» **EXERCISE BRIEF**
Nothing outside the range is to be copied. From the entries below, reproduce exactly the lines starting at the one with "Cute and Creative" and ending at the one with "Jumpsuit avec Motifs", without pictures.

» **LISTED RECORDS**
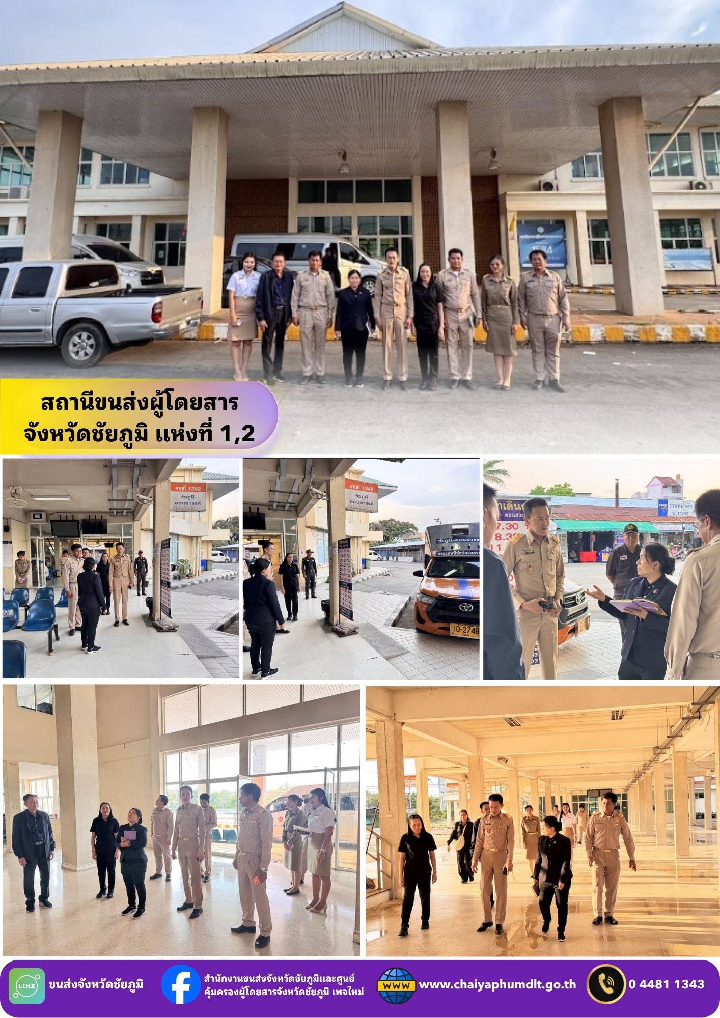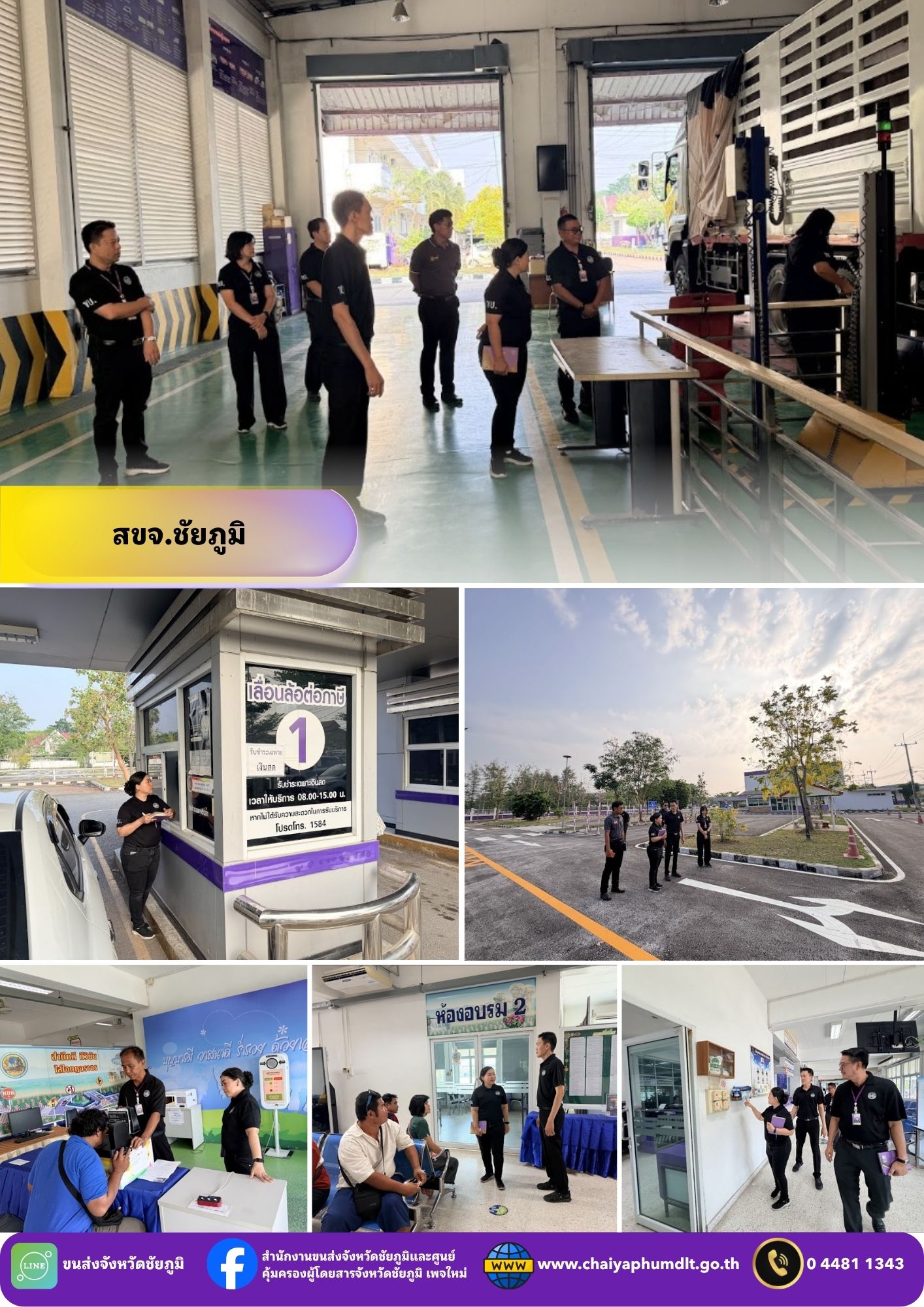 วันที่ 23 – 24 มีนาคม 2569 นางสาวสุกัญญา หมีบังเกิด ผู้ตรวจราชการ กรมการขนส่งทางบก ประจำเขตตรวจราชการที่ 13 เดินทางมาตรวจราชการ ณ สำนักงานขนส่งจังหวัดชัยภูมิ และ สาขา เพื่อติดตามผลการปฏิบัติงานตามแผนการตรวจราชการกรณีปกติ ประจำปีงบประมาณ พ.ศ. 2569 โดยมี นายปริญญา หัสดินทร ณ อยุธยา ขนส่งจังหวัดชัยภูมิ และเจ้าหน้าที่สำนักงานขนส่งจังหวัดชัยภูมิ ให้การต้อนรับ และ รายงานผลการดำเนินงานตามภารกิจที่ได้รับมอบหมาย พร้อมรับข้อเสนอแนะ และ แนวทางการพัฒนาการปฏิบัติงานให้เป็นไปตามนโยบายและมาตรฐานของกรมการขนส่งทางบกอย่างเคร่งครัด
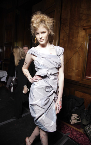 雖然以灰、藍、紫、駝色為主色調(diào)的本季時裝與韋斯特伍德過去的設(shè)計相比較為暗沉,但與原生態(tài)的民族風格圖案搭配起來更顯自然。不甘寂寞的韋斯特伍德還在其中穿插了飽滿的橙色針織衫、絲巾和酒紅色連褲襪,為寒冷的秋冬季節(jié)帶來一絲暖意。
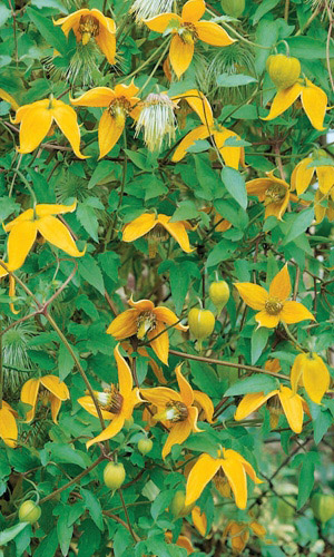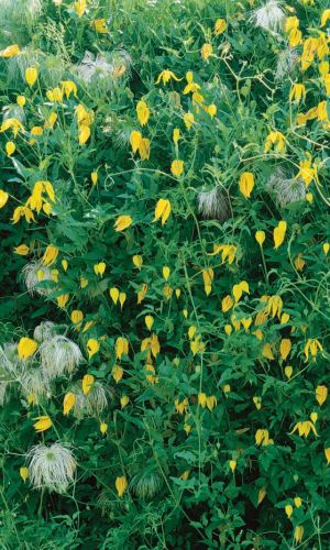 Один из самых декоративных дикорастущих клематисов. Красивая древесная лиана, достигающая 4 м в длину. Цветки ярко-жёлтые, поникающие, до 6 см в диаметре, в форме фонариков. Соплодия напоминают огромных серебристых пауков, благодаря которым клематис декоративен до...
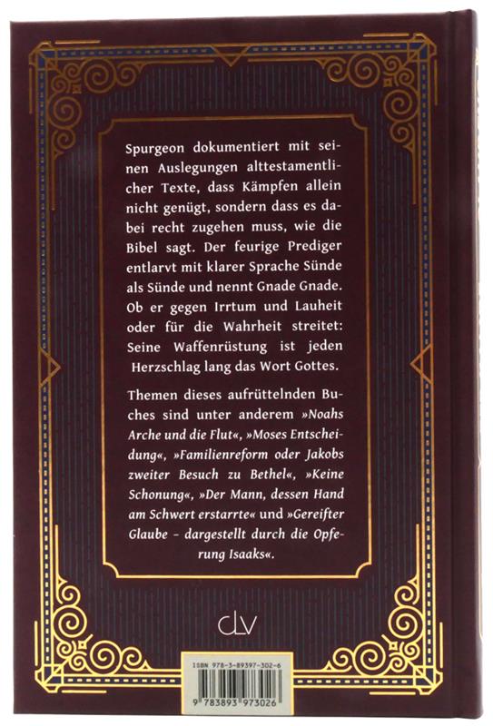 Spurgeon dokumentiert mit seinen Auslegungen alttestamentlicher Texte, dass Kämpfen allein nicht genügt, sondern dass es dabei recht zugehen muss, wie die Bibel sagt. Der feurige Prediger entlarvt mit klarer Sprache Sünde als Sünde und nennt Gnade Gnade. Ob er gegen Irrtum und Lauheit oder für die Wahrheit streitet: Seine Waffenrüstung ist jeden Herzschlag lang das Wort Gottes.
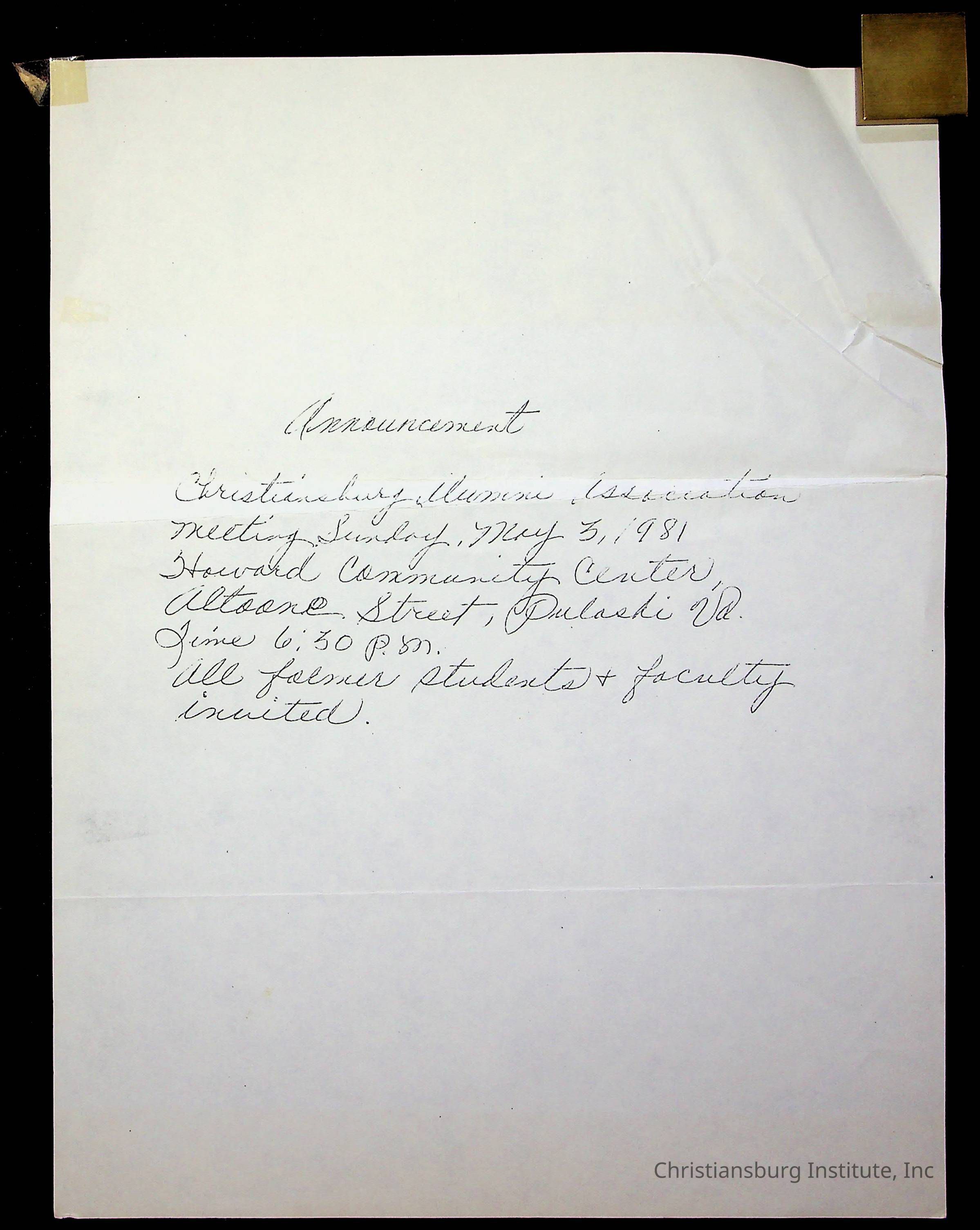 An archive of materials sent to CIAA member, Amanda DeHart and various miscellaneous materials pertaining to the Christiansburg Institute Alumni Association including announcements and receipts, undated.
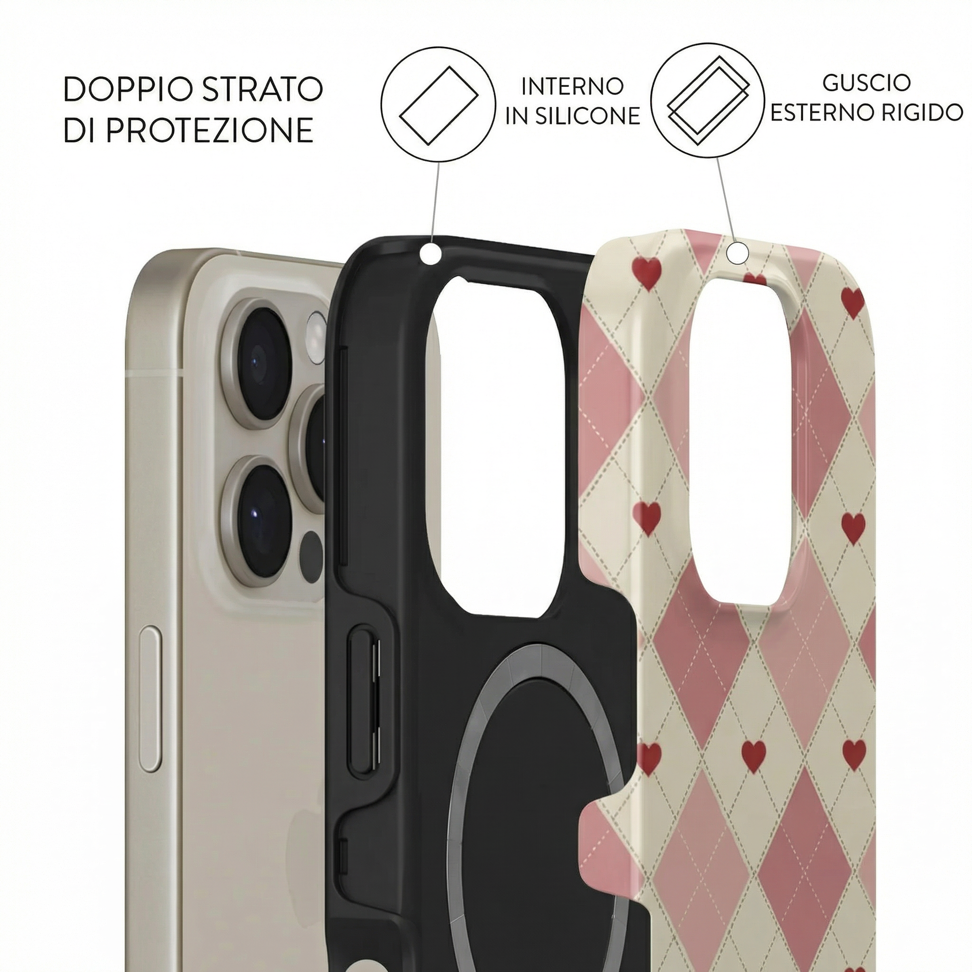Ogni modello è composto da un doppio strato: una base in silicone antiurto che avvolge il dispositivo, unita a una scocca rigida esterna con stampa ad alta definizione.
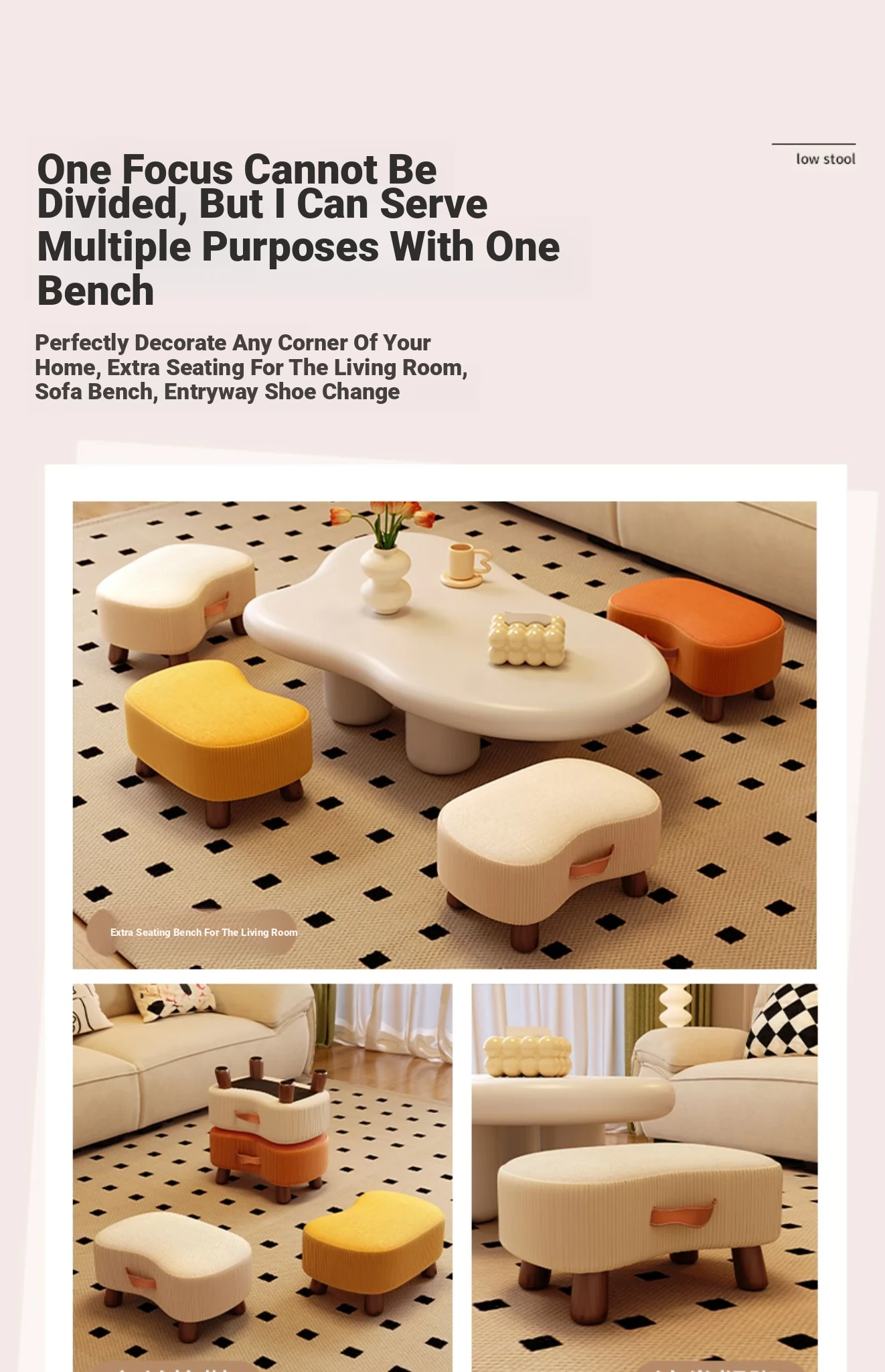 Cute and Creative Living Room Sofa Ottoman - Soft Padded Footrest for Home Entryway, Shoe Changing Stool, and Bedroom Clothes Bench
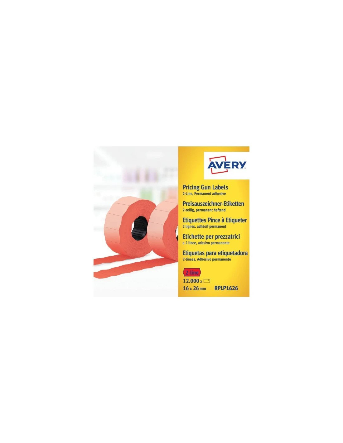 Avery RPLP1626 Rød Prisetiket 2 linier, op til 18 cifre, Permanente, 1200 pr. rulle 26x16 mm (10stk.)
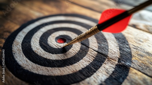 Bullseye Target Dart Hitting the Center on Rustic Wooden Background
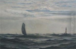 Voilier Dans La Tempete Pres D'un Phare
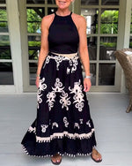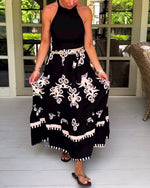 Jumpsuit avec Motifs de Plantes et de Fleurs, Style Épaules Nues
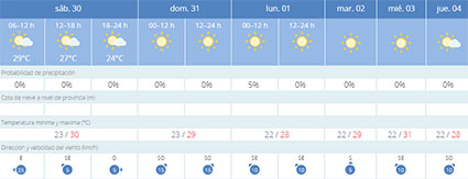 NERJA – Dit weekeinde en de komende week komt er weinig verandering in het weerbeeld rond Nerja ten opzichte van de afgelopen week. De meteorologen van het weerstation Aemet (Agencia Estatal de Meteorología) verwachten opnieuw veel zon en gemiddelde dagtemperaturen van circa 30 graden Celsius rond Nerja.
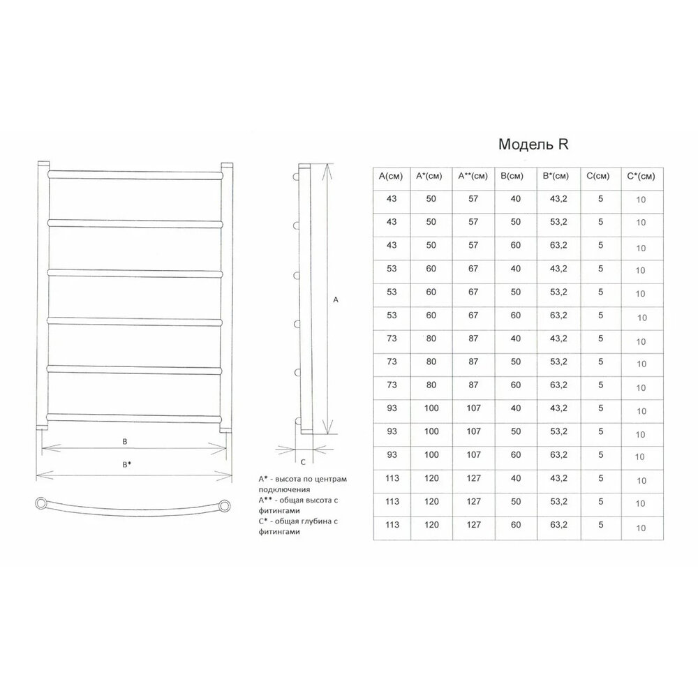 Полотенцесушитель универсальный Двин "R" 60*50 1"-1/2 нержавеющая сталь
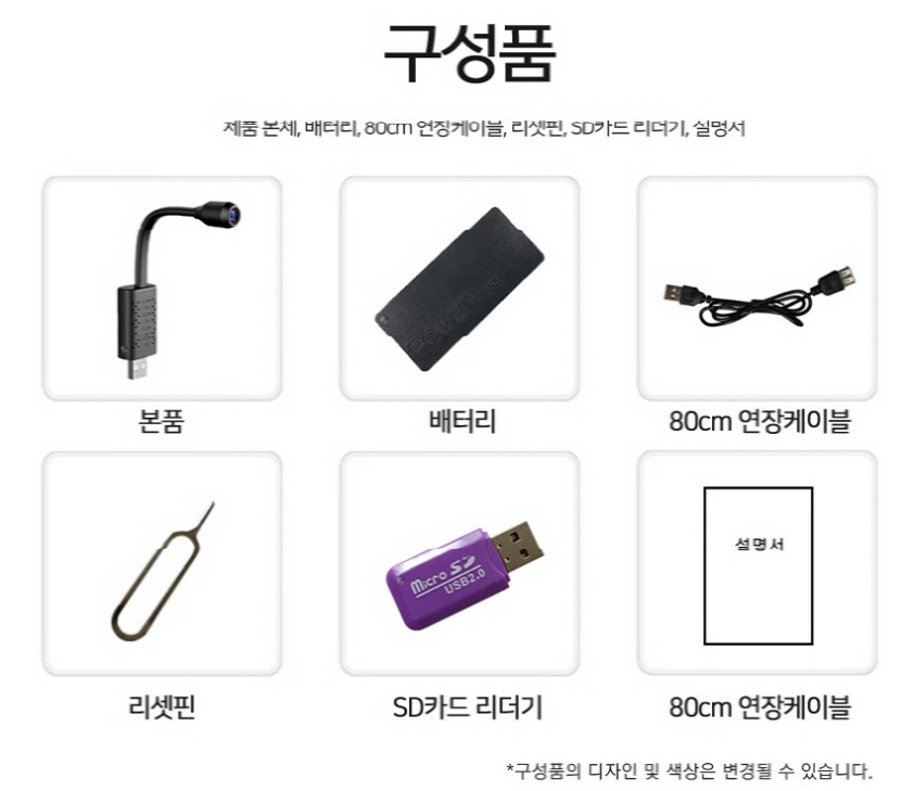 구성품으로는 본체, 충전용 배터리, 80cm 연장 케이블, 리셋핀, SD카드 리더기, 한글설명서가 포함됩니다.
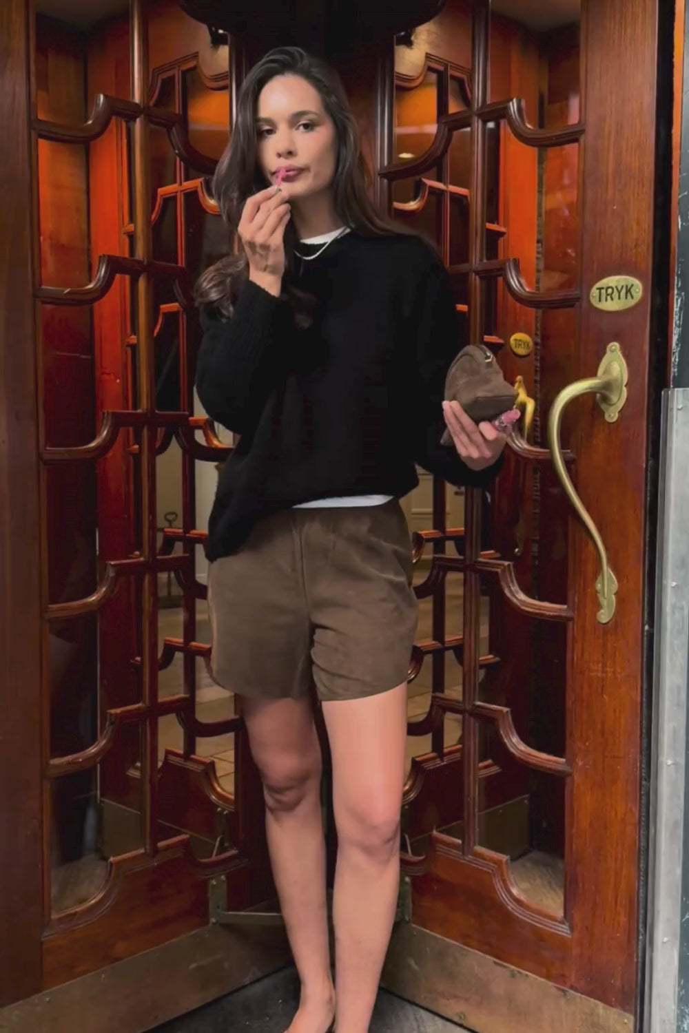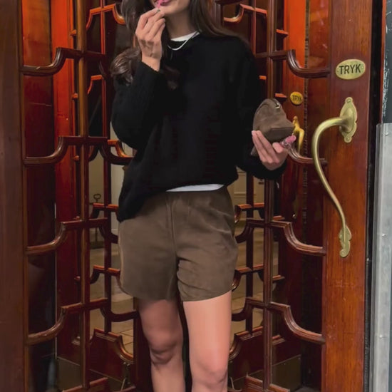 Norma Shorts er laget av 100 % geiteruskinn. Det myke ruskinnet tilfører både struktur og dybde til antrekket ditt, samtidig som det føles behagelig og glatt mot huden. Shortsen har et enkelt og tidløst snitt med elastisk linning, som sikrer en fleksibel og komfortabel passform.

» **EXERCISE OUTPUT**
 Cute and Creative Living Room Sofa Ottoman - Soft Padded Footrest for Home Entryway, Shoe Changing Stool, and Bedroom Clothes Bench
 Avery RPLP1626 Rød Prisetiket 2 linier, op til 18 cifre, Permanente, 1200 pr. rulle 26x16 mm (10stk.)
 Bullseye Target Dart Hitting the Center on Rustic Wooden Background
 Voilier Dans La Tempete Pres D'un Phare
 Jumpsuit avec Motifs de Plantes et de Fleurs, Style Épaules Nues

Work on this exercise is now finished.